Remove row of numpy array based on values from two columns

Question

I have a numpy array with four columns and many rows:

``````>>> dat
array([['4/5/2004', '17', 0.0, 0.0],
['4/5/2004', '7', 0.0, 0.0],
['4/5/2004', '19:48:20', 58.432488, -135.9202205],
['4/5/2004', '19:48:32', 58.432524300000004, 0.0],
['4/5/2004', '19:48:36', 58.4325365, -150.9202813]], dtype=object)
``````

I would like to remove all rows where the value in columns 3 or 4 equal 0 so the result would be:

``````   ([['4/5/2004', '19:48:20', 58.432488, -135.9202205],
['4/5/2004', '19:48:36', 58.4325365, -150.9202813]])
``````

I can do this one column at a time with:

``````a = dat[~(dat[:,2]==0), :]
``````

Which returns rows where value in column 3 does not equal 0. I could do this iteratively for multiple columns, but it would be convenient to do it all in one command.

I thought something like the following two examples would work (but they do not):

``````a = dat[~(dat[:,2]==0), :] or dat[~(dat[:,3]==0), :]
a = dat[~(dat[:,2&3]==0), :]
``````

Hopefully there's some simple syntax I'm missing and can't find in the numpy help.

Show source

Answers to Remove row of numpy array based on values from two columns ( 3 )

1. What about using `&`:

``````>>> dat[(dat[:,2] != 0) & (dat[:,3] != 0), :]
array([['4/5/2004', '19:48:20', 58.432488, -135.9202205],
['4/5/2004', '19:48:36', 58.4325365, -150.9202813]], dtype=object)
``````

which yields the element-wise "and".

I've changed it for `!= 0` thus the `&` which avoids the additional inversions with `~`.

2. Assuming the data array is `2D`, we could slice and look for the valid ones -

``````dat[~(dat[:,2:4]==0).any(1)]
``````

Alternatively, we can use `np.all` on the `!=0` ones -

``````dat[(dat[:,2:4]!=0).all(1)]
``````

When the columns of interest are not contiguous ones, we need to slice them using those column IDs and use the same technique. So, let's say the column IDs to be examined are stored in an array or list named `colID`, then we would have the approaches modified, like so -

``````dat[~(dat[:,colID]==0).any(1)]
dat[(dat[:,colID]!=0).all(1)]
``````

Thus, for the stated case of columns 3 and 4, we would have : `colID = [2,3]`.

3. You got the idea of using `or` conceptually correct.
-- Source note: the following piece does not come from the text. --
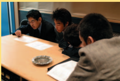
(左)収録される大阪弁について議論する、リアル登場人物たち。何度も収録し直すことで、上のリストとは微妙に違った言葉になっている。そのあたりも実際「自分育てゲーム」にコールして確認してほしい。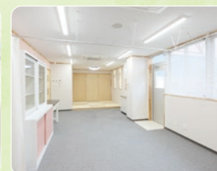
園児が安心して医療的ケアが受けられる「ケアルーム」

The main difference is that you want to do logical or (`|`) or logical and (`&`) (just like you are using logical not (`~`)).

This works because an operation like `dat[:,3] == 0` creates an array or booleans of the same size as a column of `dat`. When this array is used as an index, `numpy` interprets it as a mask. Splitting off the mask array to highlight this concept:

``````mask = (dat[:, 2] != 0) & (dat[:, 3] != 0)
``````mask = np.logical_and.reduce(dat[:, 2:] != 0, axis=1)
`np.logical_and.reduce` shrinks the input array across the columns (`axis=1`) by applying `np.logical_and` (which is the function that processes the `&` operator) to the rows, so you get a True where all the elements of the selected portion of each row are True.